[Opening Data excerpt section]

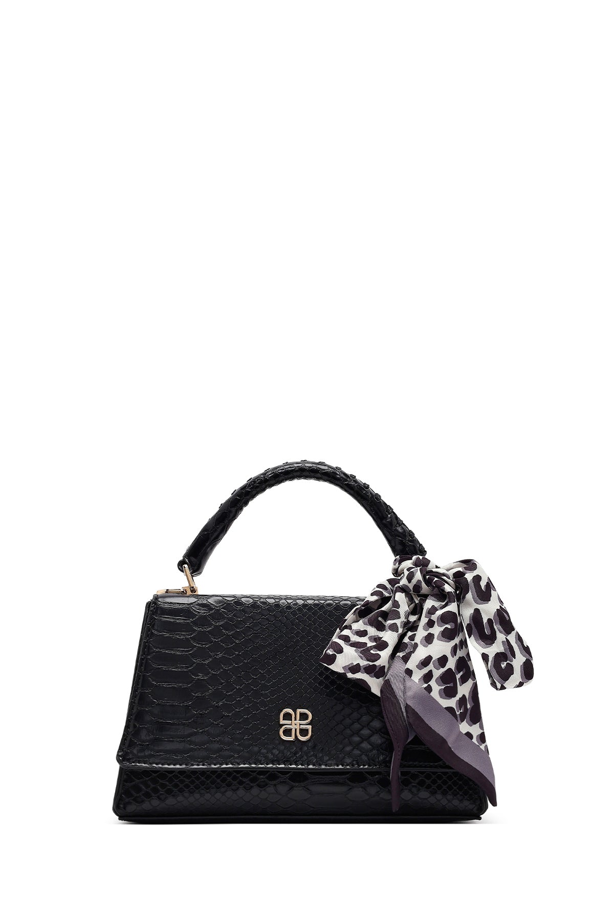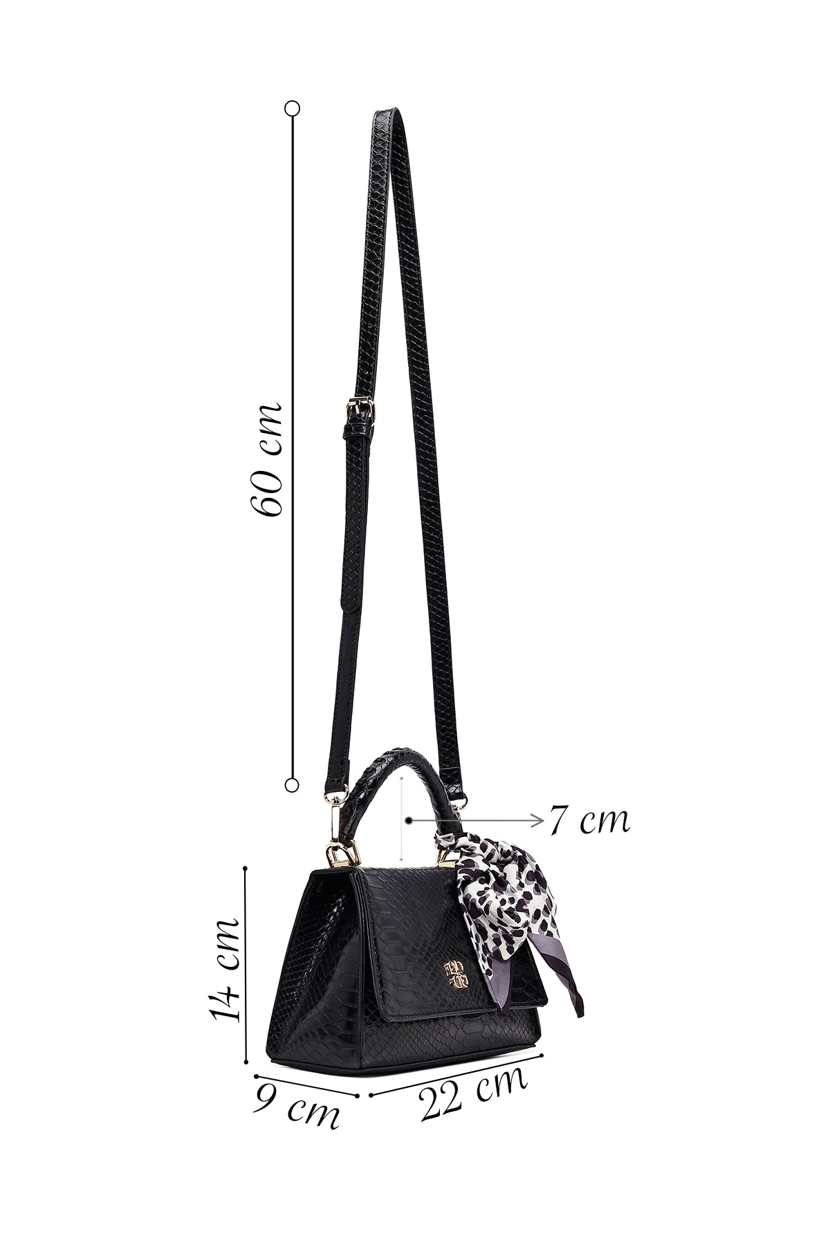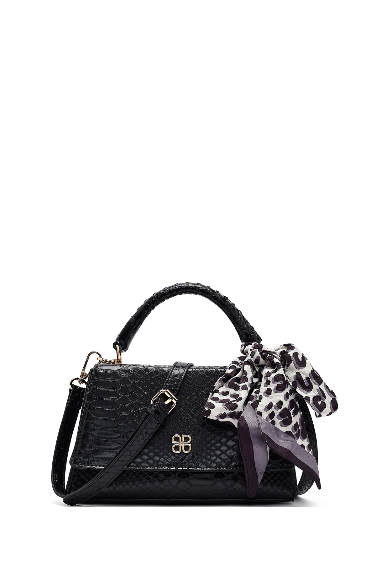 Kadın Siyah Uzun Askılı Kroko Desenli Klasik Kol Çantası
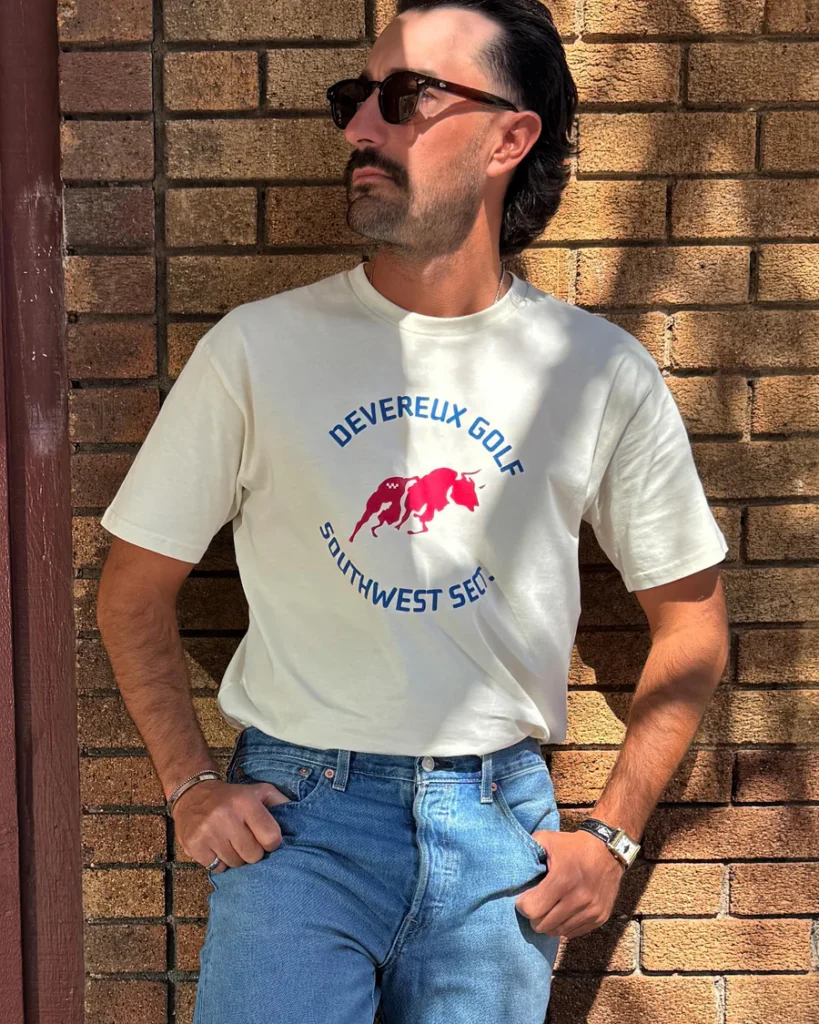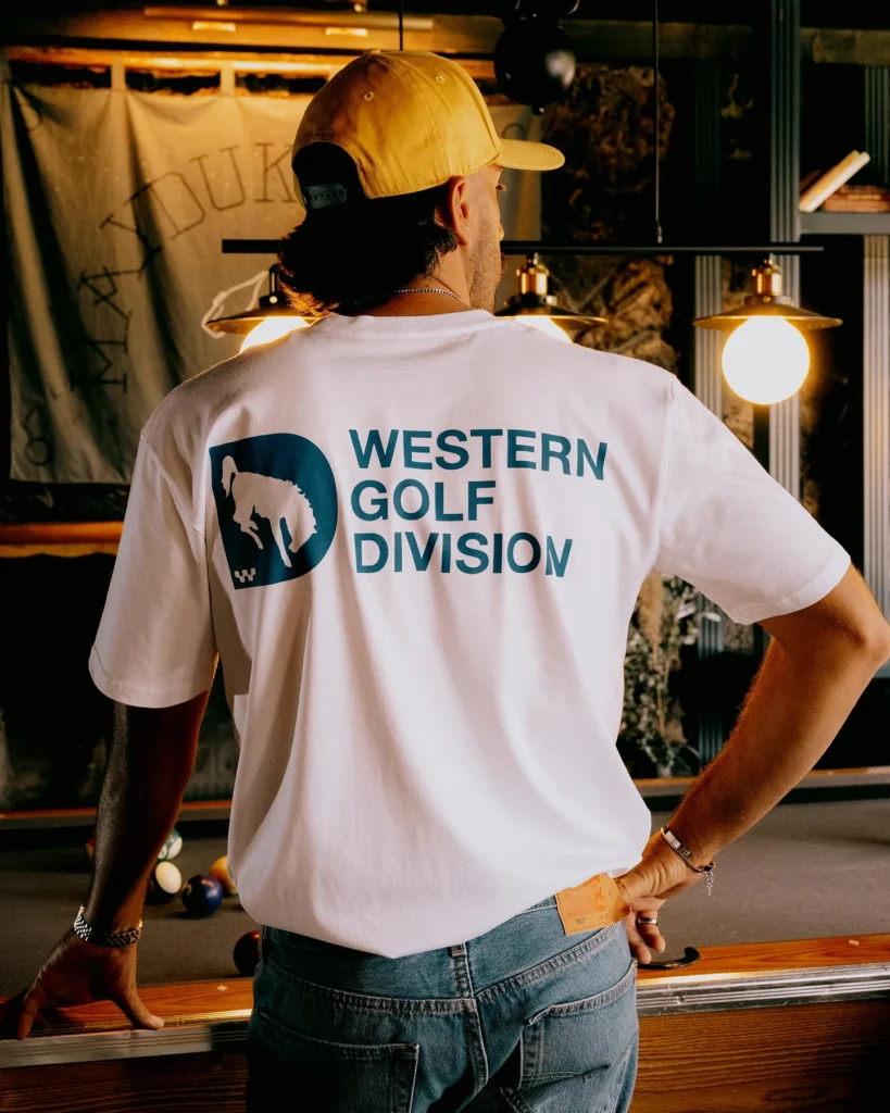 The Western Golf Division Tee celebrates Devereux’s roots in the great Southwest, a nod to the golfers who travel desert highways and mountain passes chasing tee times and sunsets. Western-inspired typography and vintage artwork bring old-soul charm to modern golf style.
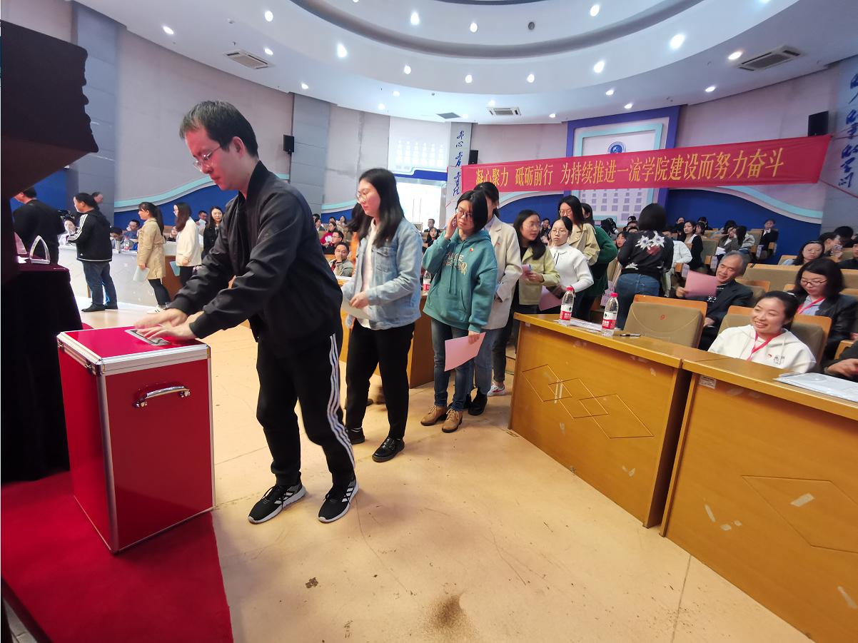 大会在雄壮的国歌声中拉开序幕。学院党委书记易遵尧作题为“凝心聚力砥砺前行为持续推进一流学院建设而努力奋斗”的党委工作报告。在报告中,易书记从思想政治建设、夯实基层党建、营造清正生态、积极抗击疫情、推进统战工作和学院事业发展等六个部分,总结了过去四年学院取得的突出成绩。随后,易书记从今后几年的发展形势及思路出发,向与会党员报告了学院今后四年的努力方向和奋斗目标。在报告的最后,易书记鼓励全体党员密团结在以习近平同志为核心的党中央周围,在学校党委的坚强领导下,凝心聚力、砥砺前行,为持续推进一流学院建设而努力奋斗。

[Closing Data excerpt section]

What is expected → Strip out the pictures and repeat the listing above exactly.

Written solution →
 Kadın Siyah Uzun Askılı Kroko Desenli Klasik Kol Çantası
 The Western Golf Division Tee celebrates Devereux’s roots in the great Southwest, a nod to the golfers who travel desert highways and mountain passes chasing tee times and sunsets. Western-inspired typography and vintage artwork bring old-soul charm to modern golf style.
 大会在雄壮的国歌声中拉开序幕。学院党委书记易遵尧作题为“凝心聚力砥砺前行为持续推进一流学院建设而努力奋斗”的党委工作报告。在报告中,易书记从思想政治建设、夯实基层党建、营造清正生态、积极抗击疫情、推进统战工作和学院事业发展等六个部分,总结了过去四年学院取得的突出成绩。随后,易书记从今后几年的发展形势及思路出发,向与会党员报告了学院今后四年的努力方向和奋斗目标。在报告的最后,易书记鼓励全体党员密团结在以习近平同志为核心的党中央周围,在学校党委的坚强领导下,凝心聚力、砥砺前行,为持续推进一流学院建设而努力奋斗。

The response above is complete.